Выбрать главу

– В небитом ребенке заводится гниль, – говорили мамаши. – Нутряная гниль.

– Но откуда вы знаете, когда применять палку? Как вы определяете волшебный миг?

– У нас есть книга, где про это все написано, – отвечали мамаши. – Мы смотрим это в книге. На странице 331 начинается двенадцатистраничное описание лупцевания ребенка палкой. Эту страницу пора бы уже подклеить.

Мы удрали от мамаш как можно быстрее. Там была прорва других людей, и все разговаривали – и о политике, и о чем только не. Проявлялось определенное презрение к общественным институтам. Клем засунул руку в пакет с расширяющими сознание зельями. Его сознание расширилось. Он сосредоточил свое сознание на кончике большого пальца. «Это что, и есть верхний предел познания, этот эпидермис, который я тут постигаю?» Затем он впал в меланхолию, стал меланхоличным, как кастрированный кот, как тушеный заяц. «Содержание жирафа – жирафье мясо. У жирафов высокое кровяное давление, потому что крови приходится тащиться к мозгу по десятифутовой шее, и все в гору». На этом его прозрения и блажь не закончились. Эдгар и Чарльз тоже хотели попробовать. Но им не дали. Зато им дали попридерживать подол Половой рясы, когда он ходил по комнате.

– Отведите меня домой, – сказала Белоснежка. – Отведите меня домой сию же секунду. Дома плохо, но не дома еще хуже.

– Не стоит бросать мусор в окно, Хого, – сказала Джейн.

Я понял, что она имела в виду. Но Хого – жестокая пародия на Божественный промысел. Его дерьмо равно падает на Северян, Южан и Западчан.

– Мне снился сон, – сказала Джейн. – Во сне мы пили желтое вино. Потом пришел винодел. Он сказал, что вино сделано из старых номеров «Нэшнл Джиогрэфик». Я сразу почувствовала, что оно отдает плесенью. Тогда он сказал, что нет, это шутка. В действительности это вино из винограда, как и любое другое. Только, сказал он, этот виноград был у солнца в опале. От нехватки солнечной любви виноградины усохли. Вот потому такое и вино. Затем он заговорил о мужьях и любовниках.

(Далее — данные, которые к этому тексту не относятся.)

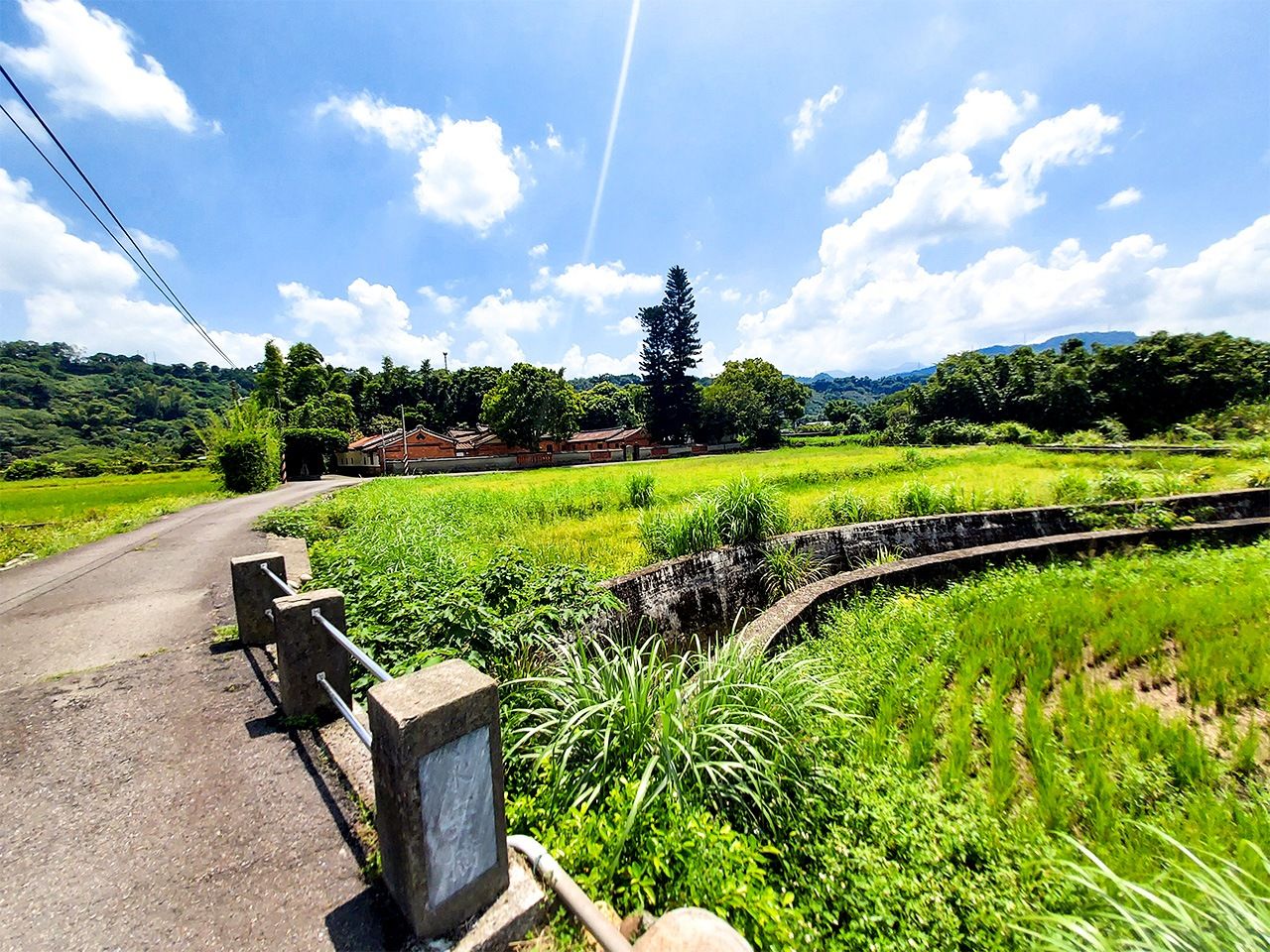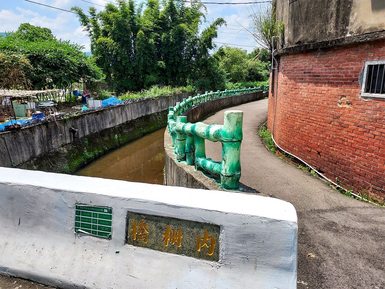 用水路の橋の向こうに「永安居」、その後ろの山を越えれば「慈湖」のある草嶺山がある

Он сказал, что любовник поедает мясо, глядя не на мясо, а в глаза своей возлюбленной. А муж приглядывает за мясом. Муж знает, что, если за мясом не приглядывать, оно живо куда-нибудь смоется. Виноделу казалось, что это очень смешная история. Он смеялся и не мог остановиться.

Хого изготовился сказать что-нибудь гнусное. Но было поздно.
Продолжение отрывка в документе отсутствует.